Records for this exercise below:
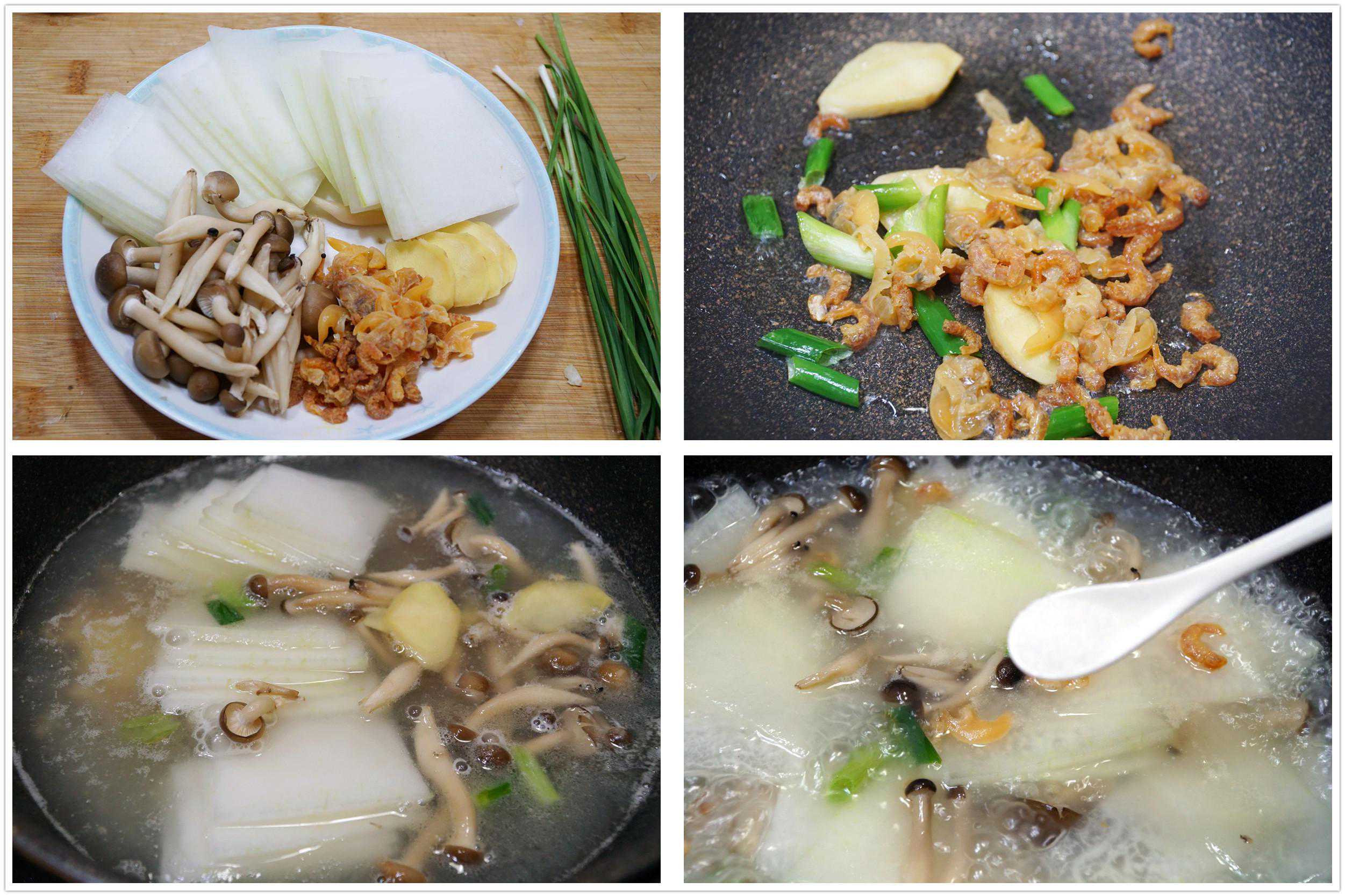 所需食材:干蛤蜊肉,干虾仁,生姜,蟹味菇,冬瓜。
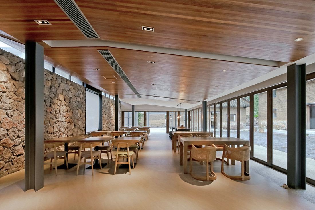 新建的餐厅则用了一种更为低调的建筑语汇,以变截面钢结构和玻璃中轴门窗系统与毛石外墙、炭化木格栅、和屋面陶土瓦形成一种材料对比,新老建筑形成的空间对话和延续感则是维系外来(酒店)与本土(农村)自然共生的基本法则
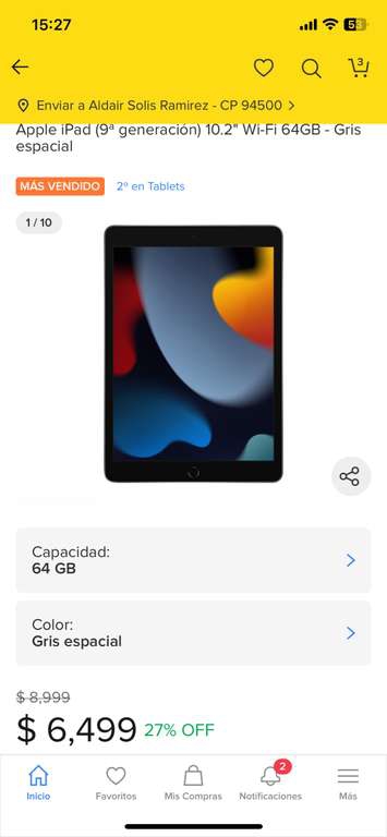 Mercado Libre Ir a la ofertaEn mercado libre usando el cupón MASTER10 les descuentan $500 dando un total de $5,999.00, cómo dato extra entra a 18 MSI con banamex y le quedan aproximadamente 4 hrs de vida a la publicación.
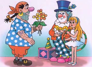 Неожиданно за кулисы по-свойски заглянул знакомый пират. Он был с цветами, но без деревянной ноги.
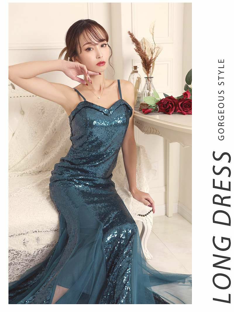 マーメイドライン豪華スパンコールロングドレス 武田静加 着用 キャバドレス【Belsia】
End of Records for this exercise.
Records for this exercise below:
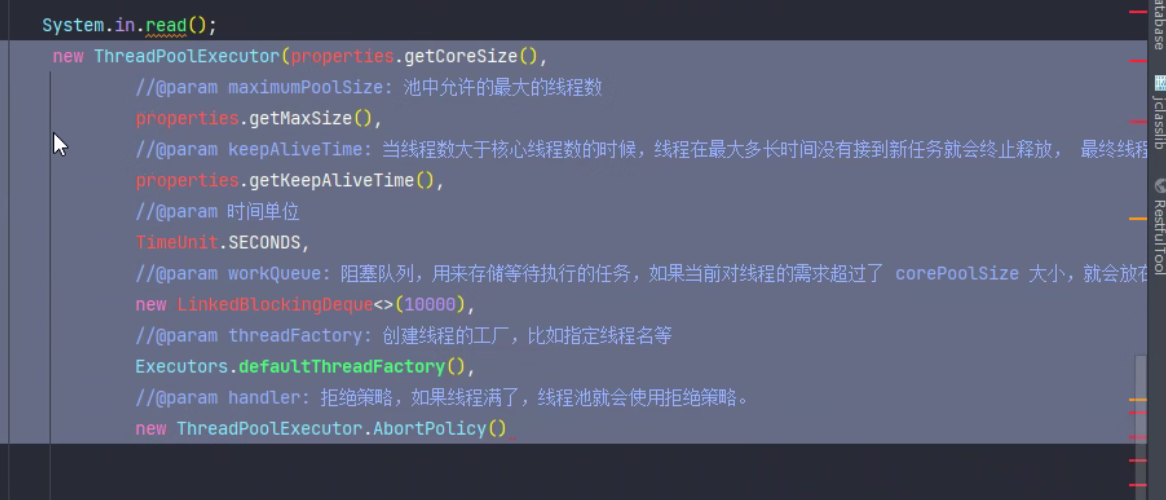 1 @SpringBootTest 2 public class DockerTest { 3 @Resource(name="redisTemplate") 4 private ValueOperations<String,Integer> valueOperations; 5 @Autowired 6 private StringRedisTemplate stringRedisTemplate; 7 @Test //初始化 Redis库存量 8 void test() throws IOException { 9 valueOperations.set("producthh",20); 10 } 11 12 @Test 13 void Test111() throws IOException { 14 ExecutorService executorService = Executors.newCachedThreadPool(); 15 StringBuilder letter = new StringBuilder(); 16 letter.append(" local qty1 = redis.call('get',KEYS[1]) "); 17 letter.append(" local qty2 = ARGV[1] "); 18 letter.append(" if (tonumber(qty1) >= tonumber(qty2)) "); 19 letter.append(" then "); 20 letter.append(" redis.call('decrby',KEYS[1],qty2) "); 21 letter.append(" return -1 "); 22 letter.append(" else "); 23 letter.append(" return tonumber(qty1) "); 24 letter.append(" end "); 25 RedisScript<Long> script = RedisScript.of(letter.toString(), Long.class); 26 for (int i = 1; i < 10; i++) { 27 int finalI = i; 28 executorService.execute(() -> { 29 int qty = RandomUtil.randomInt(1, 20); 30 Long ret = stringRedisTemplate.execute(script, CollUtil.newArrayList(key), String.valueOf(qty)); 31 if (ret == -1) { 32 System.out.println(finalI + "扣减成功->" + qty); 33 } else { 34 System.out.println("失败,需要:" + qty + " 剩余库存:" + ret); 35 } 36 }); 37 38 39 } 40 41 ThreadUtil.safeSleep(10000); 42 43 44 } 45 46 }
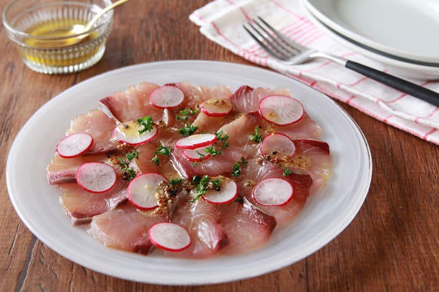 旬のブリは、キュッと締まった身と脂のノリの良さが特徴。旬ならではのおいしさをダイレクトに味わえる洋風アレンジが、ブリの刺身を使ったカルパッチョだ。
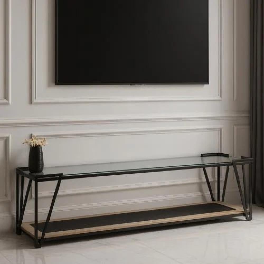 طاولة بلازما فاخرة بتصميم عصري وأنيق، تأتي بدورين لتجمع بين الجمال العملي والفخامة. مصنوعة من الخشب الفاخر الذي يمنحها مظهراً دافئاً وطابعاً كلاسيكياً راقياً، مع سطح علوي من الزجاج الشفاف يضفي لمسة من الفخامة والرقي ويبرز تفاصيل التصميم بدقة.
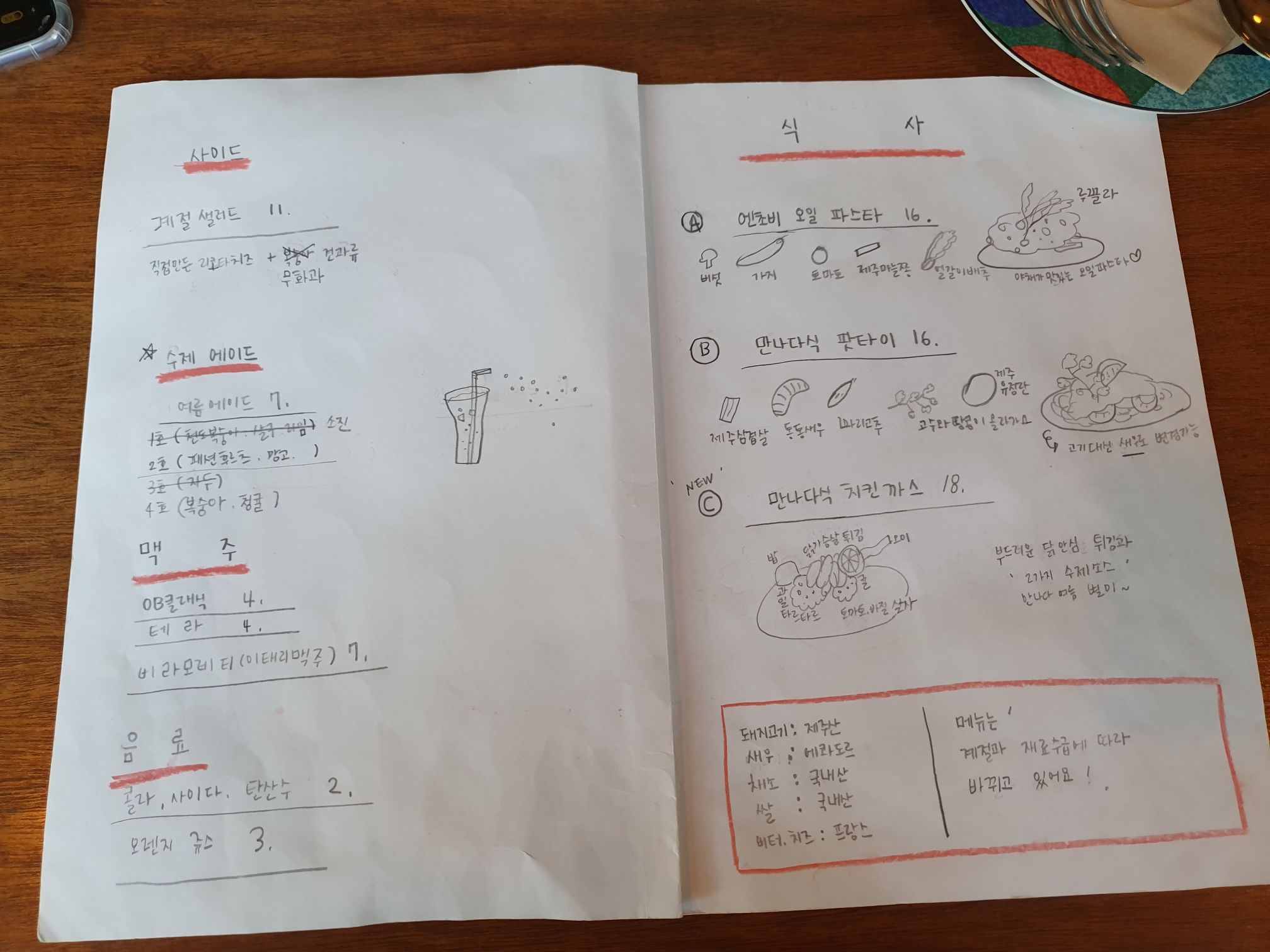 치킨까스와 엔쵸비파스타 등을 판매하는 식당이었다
End of Records for this exercise.
Exercise goal: Above are the records; restate exactly the lines from the one containing "طاولة بلازما فاخرة" through the one containing "치킨까스와 엔쵸비파스타 등을 판매하는 식당이었다", keeping pictures out.

Problem solution:
 طاولة بلازما فاخرة بتصميم عصري وأنيق، تأتي بدورين لتجمع بين الجمال العملي والفخامة. مصنوعة من الخشب الفاخر الذي يمنحها مظهراً دافئاً وطابعاً كلاسيكياً راقياً، مع سطح علوي من الزجاج الشفاف يضفي لمسة من الفخامة والرقي ويبرز تفاصيل التصميم بدقة.
 치킨까스와 엔쵸비파스타 등을 판매하는 식당이었다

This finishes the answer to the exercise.